Pickup_dt,Dropoff_dt,Passenger_count,Pickup_location,Dropoff_location
2016-01-16 10:24:29,2016-01-16 10:32:46,1,[ 40.67527008 -73.95104218],[ 40.68263626 -73.93795776]
2016-02-22 09:23:39,2016-02-22 09:26:08,1,[ 40.74575424 -73.95707703],[ 40.742733 -73.95397186]


Complaint_dt,OFNS_DESC,PD_DESC,LAW_CAT_CD,Location
2016-03-24 16:45:00,HARRASSMENT 2,"HARASSMENT,SUBD 3,4,5",VIOLATION,[ 40.64067653 -73.93404401]
2016-02-22 13:50:00,GRAND LARCENY OF MOTOR VEHICLE,"LARCENY,GRAND OF AUTO",FELONY,[ 40.85290843 -73.90934006]

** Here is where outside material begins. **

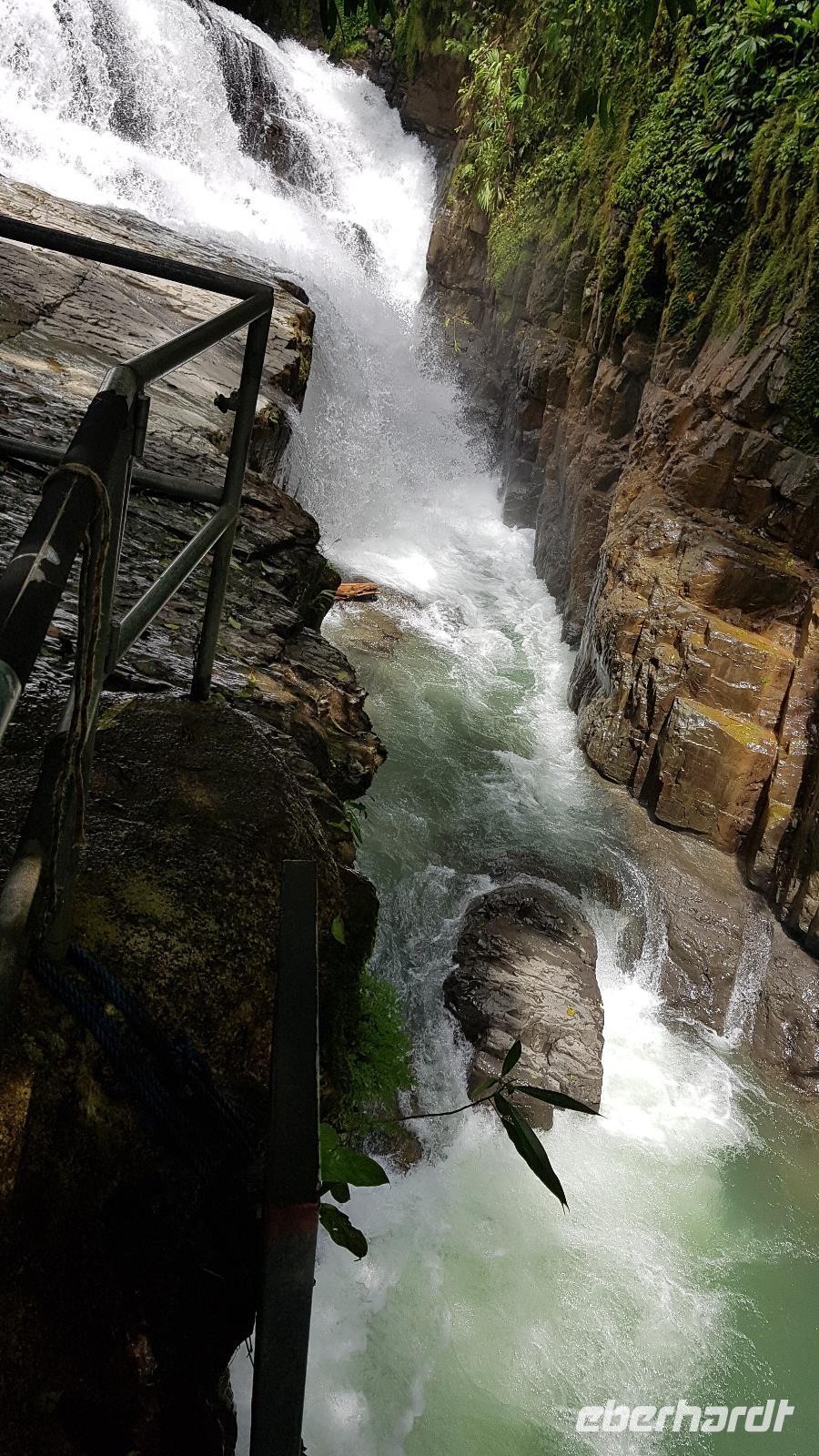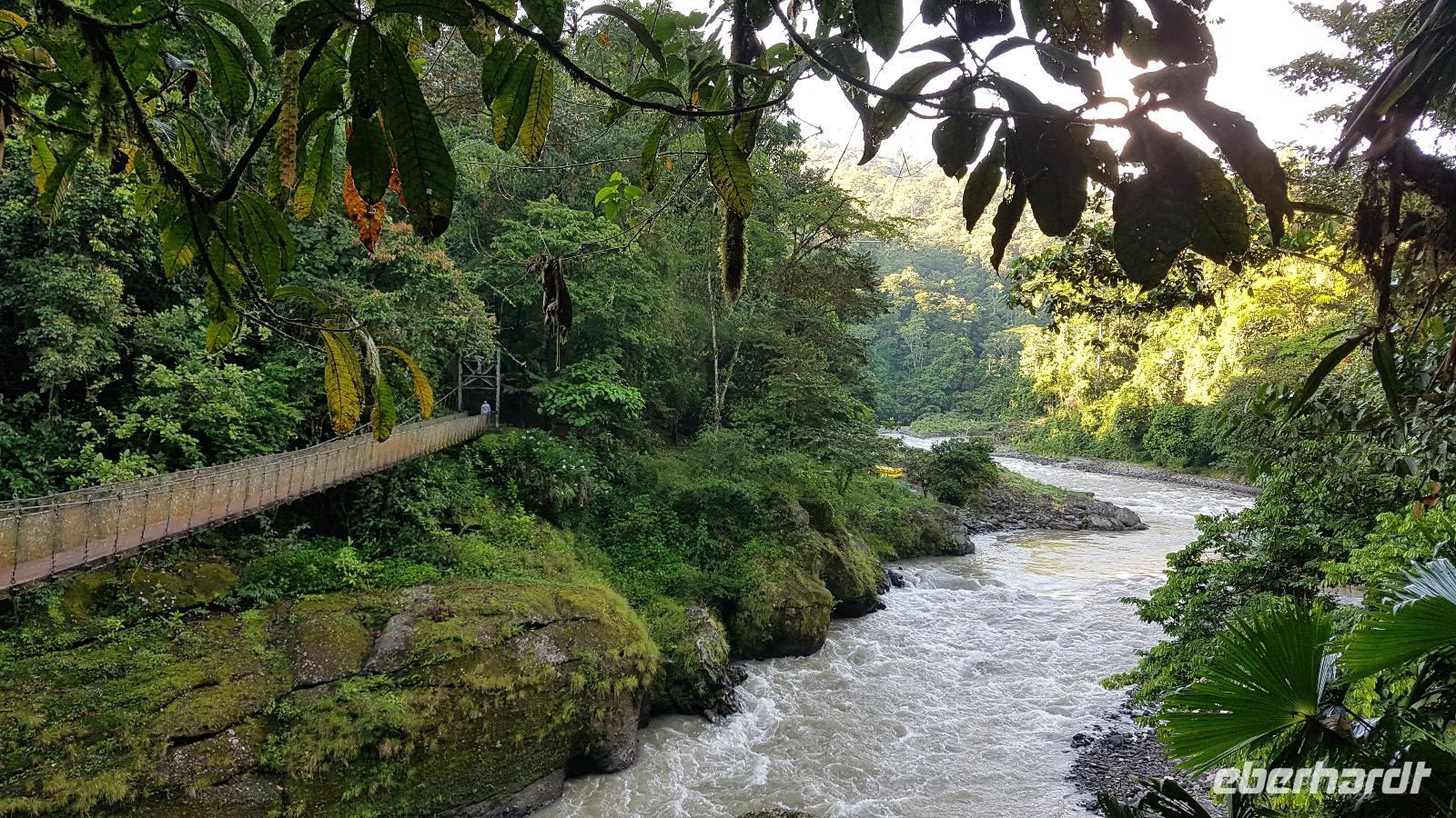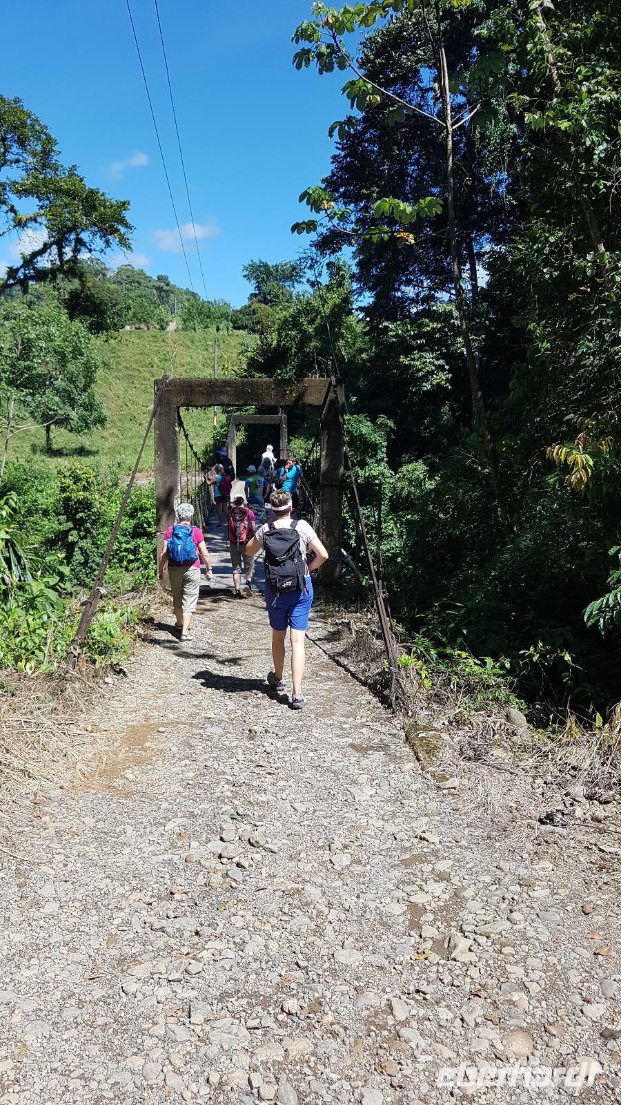 Unser erster Blick am Morgen galt dem Pegel und der war wieder auf normal gefallen. So stand dem zweiten Teil unserer Raftingtour zumindest vom Fluss nichts entgegen. Noch vor dem Frühstück erkundeten wir die Umgebung unserer Lodge und gingen über die Hängebrücke auf die andere Flussseite. Wir genossen das Frühstück, zogen danach unsere nassen Sachen wieder an, legten die Ausrüstung an und bekamen erneut eine Sicherheitseinweisung. Heute begleitete uns zusätzlich Walter in einem Kajak und ein Fotograf, der das Spektakel für uns in Bildern festhielt. Dann ging es los und es kamen Stromschnellen mit Namen wilde Pferde und jede Menge wilder Strudel und grosser Absätze im Fluss. Die Boote stürzten in die Tiefe und nur einmal wurde es knifflig, als eins der Boote zu kentern drohte. Aber glücklicherweise legte sich ein zweites Boot davor und so ging nur die Hälfe der Besatzung baden. Dann folgten wieder ruhigere Abschnitte und im Canyon zwischen den hohen Felsen durften wir die Boote zum Schwimmen verlassen. Wir liessen uns treiben und mussten dann aber doch schwimmen, um die Boote wieder einzuholen. Uli verpasste das Boot und wurde vom Transportboot aufgenommen und so ganz gemütlich zur Anlegestelle gebracht. Dort war dann leider unser Mega Abenteuer Rafting auch schon zu Ende und wir alle sehr sehr traurig darüber. Am Ufer wurde das Gepäck verteilt und wir zogen uns sogleich die trockenen Sachen wieder an. Mit unserem Bus fuhren wir zur Basis von Rios Tropicales, bedankten uns herzlich beim Team und stärkten uns beim Mittagessen. Wir bezahlten die Fotos und nahmen Abschied von den Männern, die uns sicher und mit viel Spass begleitet hatten.

Now we get to move on from the boring (yet important) preprocessing of data!

## Visualization

Before we begin trying to find our DareDevil, we will explore some of the visualization tools that we can use to easily see the data. We will be using `folium` for this purpose. You can look through the `folium` [quickstart guide](https://folium.readthedocs.io/en/latest/) or use some of the built-in helper functions we provide.

In [13]:
# This is the syntax to create an empty map centered at coordinates 40.7127,-74.0059
# This is also the coordinates of NYC so you can simply use these coordinates in any other maps for this lab
map_example = folium.Map(width=700,height=500,location=[40.7128,-74.0059], zoom_start=10)

# to display the map simply type the name
map_example

In order to start plotting points for the lab, `folium` uses a class called Markers. You can read more documentation [here](https://folium.readthedocs.io/en/latest/quickstart.html#markers). The basics of `folium` are displayed below.

In [14]:
# Creating a new marker at coordinates (40.8436, -73.5633)
marker_example = folium.Marker([40.72, -73.9633])
# adds the marker to the map
marker_example.add_to(map_example)
# Note that there is no easy way to remove a marker once you add it to the map
# If you want reset a map, simply run map_example = folium.Map(location=[40.7128,-74.0059])
# in order to create a new one instead

# display the map
map_example

We define a function `addMarkers` below. This function will automatically add markers to a map from a given table assuming the table has a column called "Location". 

In [15]:
def addMarkers(fol_map, mark, location_col, color="blue",icon='star',max_num=25, popup_cols=[]):
    """
    adds markers to folium fol_map based on a table mark
    Parameters:
    fol_map: a folium.Map class that you want to add markers to
    mark: a table containing two columns 'Latitude' and 'Longitude'
        if these columns do not exits, defaults to using first column as latitude and 2nd as longitude
    color: color of the marker added (default: blue)
    icon: icon of marker added (default: star)
    max_num: the maximum number of markers added. Use to not overload folium map (default: 25)
    popup: the columns of the table to be included
    returns nothing. Will modify fol_map directly
    """
    if type(location_col)==str:
        location_col = mark.column_index(location_col)
    for i in range(mark.num_rows):
        row = mark.row(i)
        popup = None
        if len(popup_cols)>0:
            popup = ""
            for col in popup_cols:
                popup += mark.column_labels[col] + ": " + str(row[col]) + '  '
        folium.Marker(row[location_col],icon=folium.Icon(color=color, icon=icon), popup=popup).add_to(fol_map)
        if (i>max_num):
             return

Now we can add markers to the map from our taxi data set!

In [16]:
# reset the map_example variable
map_example = folium.Map(width=700,height=500,location=[40.7128,-74.0059], zoom_start=10)

# You can also change the color and icon of the markers
addMarkers(map_example, taxis, 'Dropoff_location', color='red', icon='cloud', popup_cols=[0,1])
# type help(folium.Icon) to get some details of what you can put in color and icon

map_example

## Question 2. Analyzing Data

We will be looking at the latitude and longitude data from `complaints` and `taxi` as well as the times of each of those events (so if you dropped these columns earlier, go back and change your selection so these columns are included).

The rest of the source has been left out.